Exercise
Return each entry word for word, without its pictures.

Data for the task
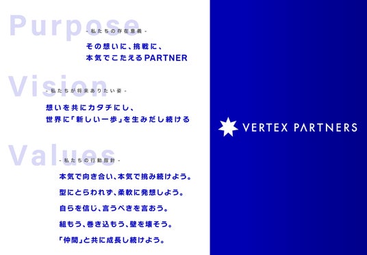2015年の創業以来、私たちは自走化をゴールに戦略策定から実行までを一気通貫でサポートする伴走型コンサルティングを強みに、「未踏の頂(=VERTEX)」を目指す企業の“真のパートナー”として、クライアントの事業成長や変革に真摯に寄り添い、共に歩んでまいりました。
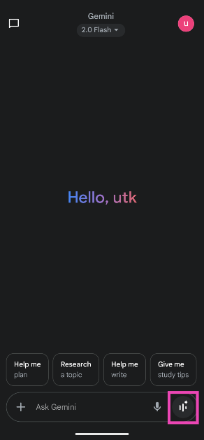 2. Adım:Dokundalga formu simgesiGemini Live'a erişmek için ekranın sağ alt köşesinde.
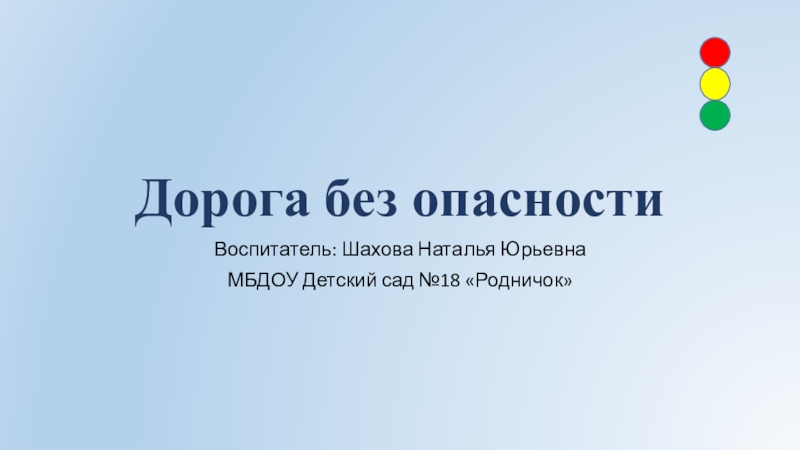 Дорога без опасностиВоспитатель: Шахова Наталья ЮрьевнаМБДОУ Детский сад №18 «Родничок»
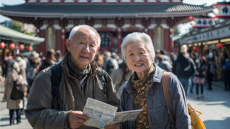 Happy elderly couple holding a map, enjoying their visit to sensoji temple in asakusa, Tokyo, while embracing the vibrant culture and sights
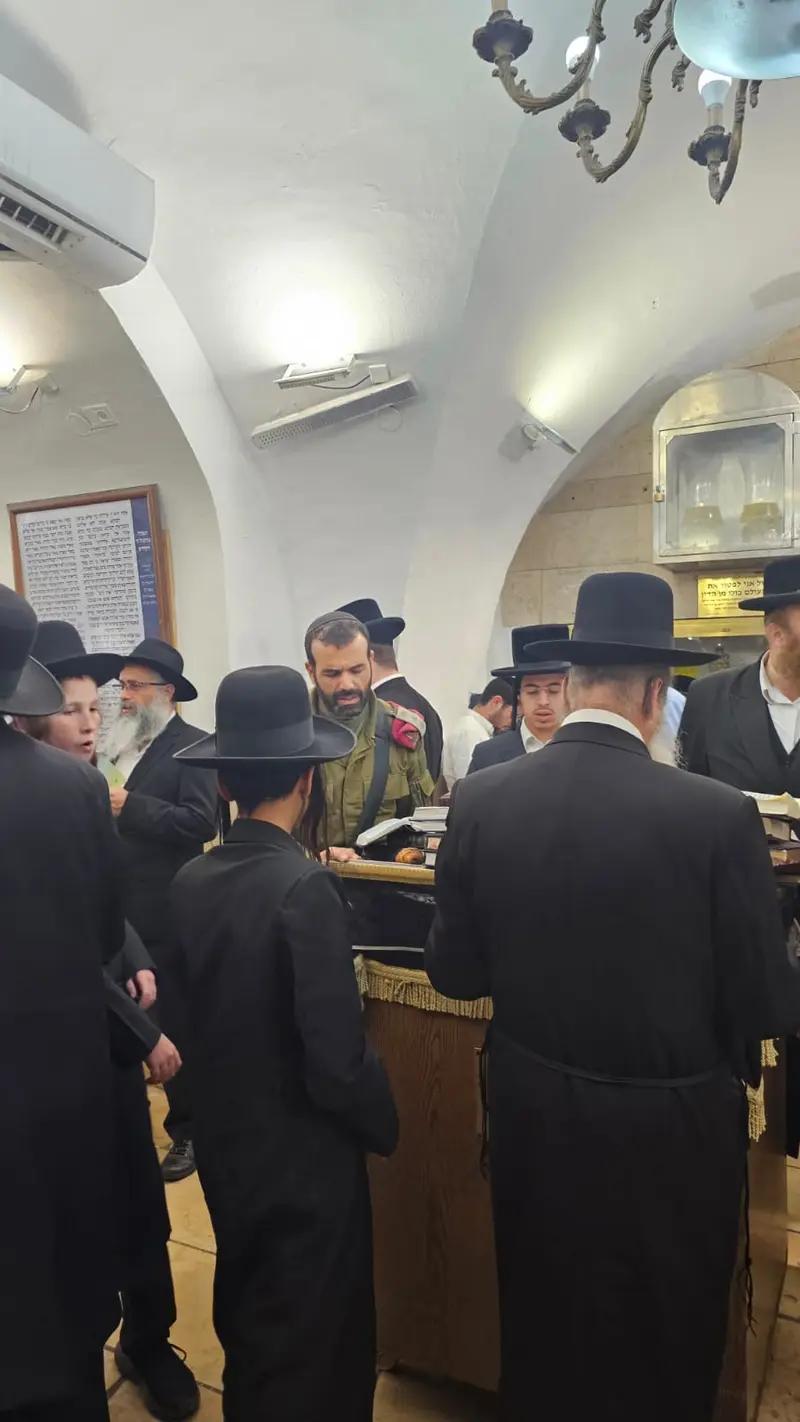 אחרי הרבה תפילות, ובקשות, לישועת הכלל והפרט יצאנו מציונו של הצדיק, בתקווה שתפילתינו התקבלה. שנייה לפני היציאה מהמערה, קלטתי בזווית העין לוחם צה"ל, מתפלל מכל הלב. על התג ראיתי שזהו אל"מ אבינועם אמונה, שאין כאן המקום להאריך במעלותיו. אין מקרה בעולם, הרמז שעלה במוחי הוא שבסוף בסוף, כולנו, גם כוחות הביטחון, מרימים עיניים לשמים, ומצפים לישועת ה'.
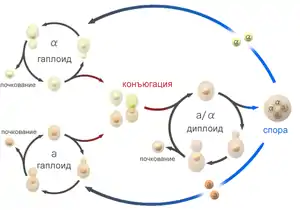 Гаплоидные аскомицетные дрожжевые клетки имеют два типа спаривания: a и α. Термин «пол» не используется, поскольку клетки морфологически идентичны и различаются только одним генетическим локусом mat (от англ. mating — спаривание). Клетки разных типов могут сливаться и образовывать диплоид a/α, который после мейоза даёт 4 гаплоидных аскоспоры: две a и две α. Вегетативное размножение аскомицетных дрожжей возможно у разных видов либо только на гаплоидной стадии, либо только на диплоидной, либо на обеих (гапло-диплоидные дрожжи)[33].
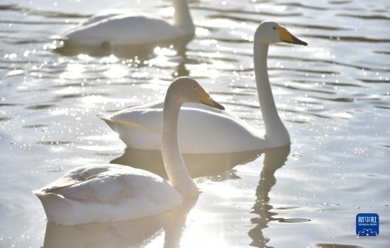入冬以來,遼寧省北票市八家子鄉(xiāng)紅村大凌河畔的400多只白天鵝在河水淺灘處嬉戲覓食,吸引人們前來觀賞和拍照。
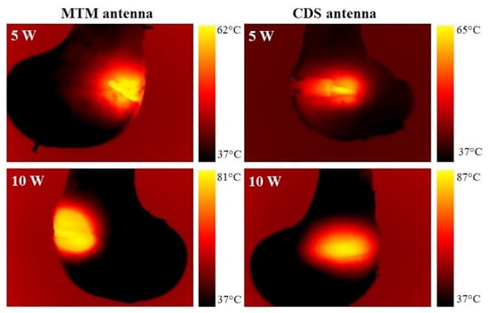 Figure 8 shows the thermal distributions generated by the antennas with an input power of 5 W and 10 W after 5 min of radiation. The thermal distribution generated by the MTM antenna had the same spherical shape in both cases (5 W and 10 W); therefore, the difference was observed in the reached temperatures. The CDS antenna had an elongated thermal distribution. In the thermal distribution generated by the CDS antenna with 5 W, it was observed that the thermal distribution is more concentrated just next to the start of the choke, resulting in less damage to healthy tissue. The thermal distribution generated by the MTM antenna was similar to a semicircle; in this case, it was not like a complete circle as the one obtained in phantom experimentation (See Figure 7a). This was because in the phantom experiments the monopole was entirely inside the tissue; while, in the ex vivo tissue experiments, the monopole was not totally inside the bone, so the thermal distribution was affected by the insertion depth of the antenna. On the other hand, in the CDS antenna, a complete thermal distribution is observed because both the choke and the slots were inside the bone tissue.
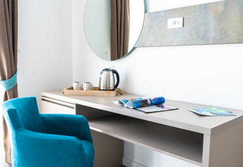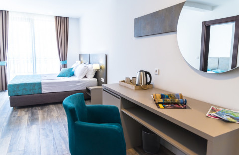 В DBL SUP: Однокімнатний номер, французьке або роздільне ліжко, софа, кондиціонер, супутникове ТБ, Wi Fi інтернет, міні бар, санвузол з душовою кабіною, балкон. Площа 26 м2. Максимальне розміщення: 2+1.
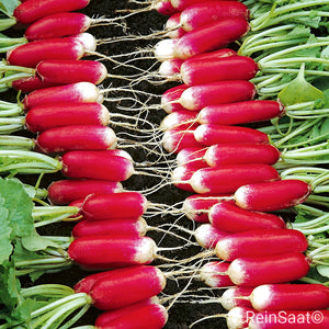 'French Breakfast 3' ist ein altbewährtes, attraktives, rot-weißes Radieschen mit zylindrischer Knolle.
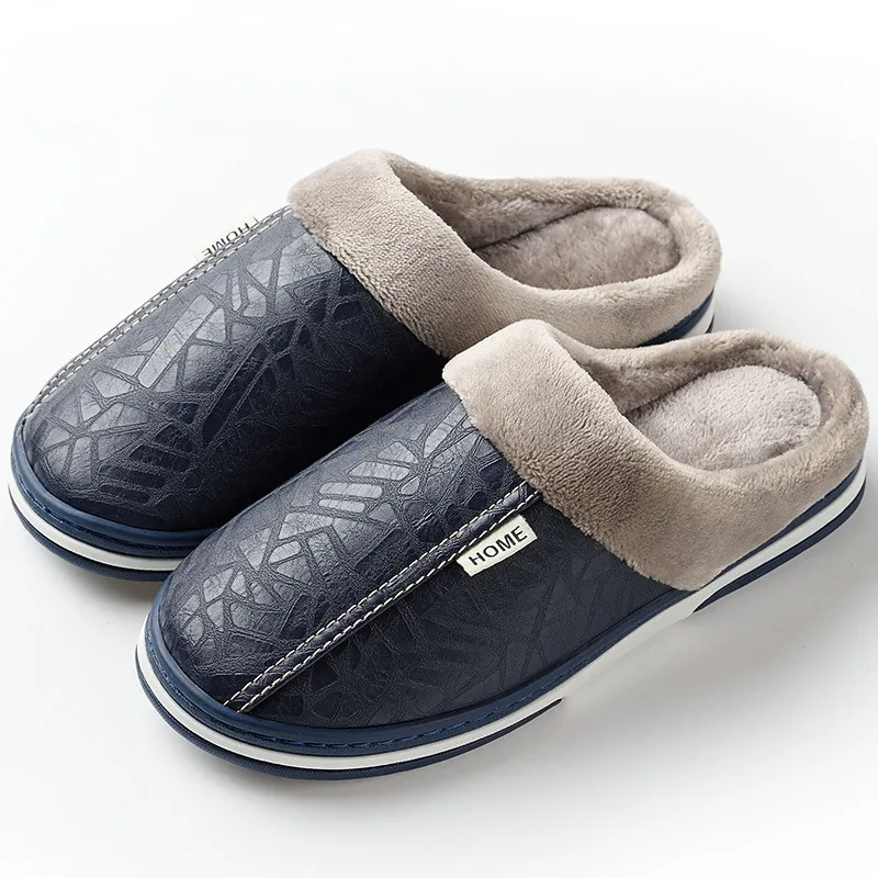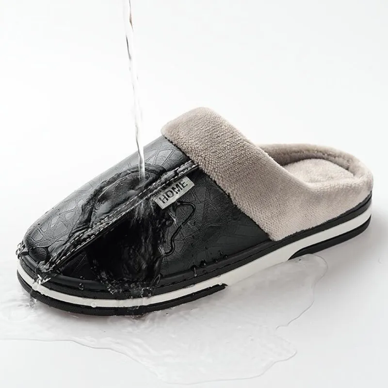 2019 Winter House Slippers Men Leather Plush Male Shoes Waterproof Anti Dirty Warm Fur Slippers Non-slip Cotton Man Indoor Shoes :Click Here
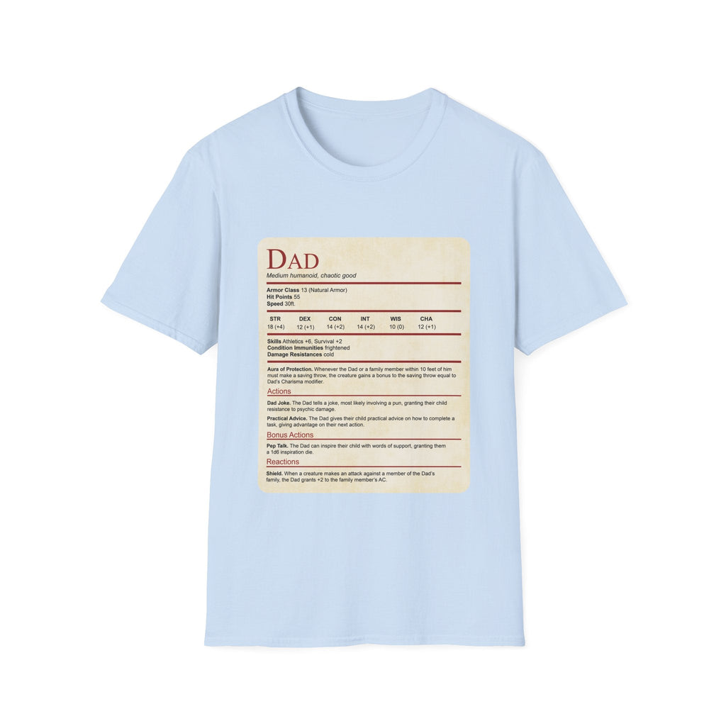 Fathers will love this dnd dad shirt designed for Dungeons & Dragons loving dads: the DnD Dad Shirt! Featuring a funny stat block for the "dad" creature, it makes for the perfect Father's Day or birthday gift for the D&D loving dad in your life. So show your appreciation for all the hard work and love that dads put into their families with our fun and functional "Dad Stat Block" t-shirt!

Result of the exercise
2015年の創業以来、私たちは自走化をゴールに戦略策定から実行までを一気通貫でサポートする伴走型コンサルティングを強みに、「未踏の頂(=VERTEX)」を目指す企業の“真のパートナー”として、クライアントの事業成長や変革に真摯に寄り添い、共に歩んでまいりました。
 2. Adım:Dokundalga formu simgesiGemini Live'a erişmek için ekranın sağ alt köşesinde.
 Дорога без опасностиВоспитатель: Шахова Наталья ЮрьевнаМБДОУ Детский сад №18 «Родничок»
 Happy elderly couple holding a map, enjoying their visit to sensoji temple in asakusa, Tokyo, while embracing the vibrant culture and sights
 אחרי הרבה תפילות, ובקשות, לישועת הכלל והפרט יצאנו מציונו של הצדיק, בתקווה שתפילתינו התקבלה. שנייה לפני היציאה מהמערה, קלטתי בזווית העין לוחם צה"ל, מתפלל מכל הלב. על התג ראיתי שזהו אל"מ אבינועם אמונה, שאין כאן המקום להאריך במעלותיו. אין מקרה בעולם, הרמז שעלה במוחי הוא שבסוף בסוף, כולנו, גם כוחות הביטחון, מרימים עיניים לשמים, ומצפים לישועת ה'.
 Гаплоидные аскомицетные дрожжевые клетки имеют два типа спаривания: a и α. Термин «пол» не используется, поскольку клетки морфологически идентичны и различаются только одним генетическим локусом mat (от англ. mating — спаривание). Клетки разных типов могут сливаться и образовывать диплоид a/α, который после мейоза даёт 4 гаплоидных аскоспоры: две a и две α. Вегетативное размножение аскомицетных дрожжей возможно у разных видов либо только на гаплоидной стадии, либо только на диплоидной, либо на обеих (гапло-диплоидные дрожжи)[33].
入冬以來,遼寧省北票市八家子鄉(xiāng)紅村大凌河畔的400多只白天鵝在河水淺灘處嬉戲覓食,吸引人們前來觀賞和拍照。
 Figure 8 shows the thermal distributions generated by the antennas with an input power of 5 W and 10 W after 5 min of radiation. The thermal distribution generated by the MTM antenna had the same spherical shape in both cases (5 W and 10 W); therefore, the difference was observed in the reached temperatures. The CDS antenna had an elongated thermal distribution. In the thermal distribution generated by the CDS antenna with 5 W, it was observed that the thermal distribution is more concentrated just next to the start of the choke, resulting in less damage to healthy tissue. The thermal distribution generated by the MTM antenna was similar to a semicircle; in this case, it was not like a complete circle as the one obtained in phantom experimentation (See Figure 7a). This was because in the phantom experiments the monopole was entirely inside the tissue; while, in the ex vivo tissue experiments, the monopole was not totally inside the bone, so the thermal distribution was affected by the insertion depth of the antenna. On the other hand, in the CDS antenna, a complete thermal distribution is observed because both the choke and the slots were inside the bone tissue.
 В DBL SUP: Однокімнатний номер, французьке або роздільне ліжко, софа, кондиціонер, супутникове ТБ, Wi Fi інтернет, міні бар, санвузол з душовою кабіною, балкон. Площа 26 м2. Максимальне розміщення: 2+1.
 'French Breakfast 3' ist ein altbewährtes, attraktives, rot-weißes Radieschen mit zylindrischer Knolle.
 2019 Winter House Slippers Men Leather Plush Male Shoes Waterproof Anti Dirty Warm Fur Slippers Non-slip Cotton Man Indoor Shoes :Click Here
 Fathers will love this dnd dad shirt designed for Dungeons & Dragons loving dads: the DnD Dad Shirt! Featuring a funny stat block for the "dad" creature, it makes for the perfect Father's Day or birthday gift for the D&D loving dad in your life. So show your appreciation for all the hard work and love that dads put into their families with our fun and functional "Dad Stat Block" t-shirt!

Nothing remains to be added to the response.